Why should you pay attention to metadata?

The Importance of Document Metadata

Correct and valid document metadata can go to great lengths to:

  • Improve the user’s experience. The online content your organization publishes will be difficult for users to identify if it comes up with the title “Chapter1.doc” in the results. This goes for both the search engines themselves as well as your own website’s search engine.
  • Boost your visibility in search engine result pages (SERPs). Adding relevant keywords to the title, author, and description of your documents can push these items up in SERP rankings.
  • Reduce the chances of releasing internal or sensitive data to the public. The default settings for your documents’ metadata could include non-public, potentially sensitive, or personally identifiable information such as user names, contact information, and server or network names, among other details. Errant metadata could violate legal disclosure agreements or give social engineers valuable clues into the nature of your internal network.

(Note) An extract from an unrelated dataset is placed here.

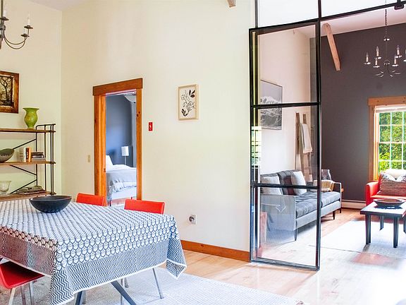 Fabulous Barndominium! This delightful Historic 1800's barn was tastefully converted into 4 beautiful condos. It is impeccably appointed with hardwood flooring, stylish glass partition, soaring 12 ft ceilings, exposed timber beams, and tons of light. The easy one floor living plan has its own private entrance, first floor ensuite primary bedroom with bath, open concept living, dining, granite countered kitchen as well as a large second bedroom and 2nd full bath. Combine this with covered parking and large on-site storage and you cannot go wrong. This gem is nestled in a delightful and easily accessible Hanover setting connected to conserved land, trail networks and parks while also only mere minutes to DHMC and Dartmouth College. You won't want to miss this rare Hanover opportunity. Showings start at the open house on Sat. July 29th 10-1

Microsoft has a helpful article that shows you how to find and update (or remove) metadata in your documents. Metadata is also passed along when you create PDFs from your office application, so you should take care of your data at the source.

Document Properties and First Impressions

Another tip that may help, especially when creating PDFs, is changing some of “initial view” settings in the document properties. These settings determine how the PDF will appear whenever the user opens the document in the browser or their desktop.

I personally prefer the following defaults in Adobe Acrobat:

My preferred document properties for Adobe Acrobat PDFs.

These settings guarantee that the user sees most, if not all, of the first page in their screen instead of a part of a graphic, magnified text, or, worse, nothing at all … which can happen if the top half of your opening page is blank (for example, if you break print publications into article PDFs without cover pages). Showing the document title helps when the file is open on user’s desktop: if they have more than one window open, the title can help them distinguish between it and files in other open windows.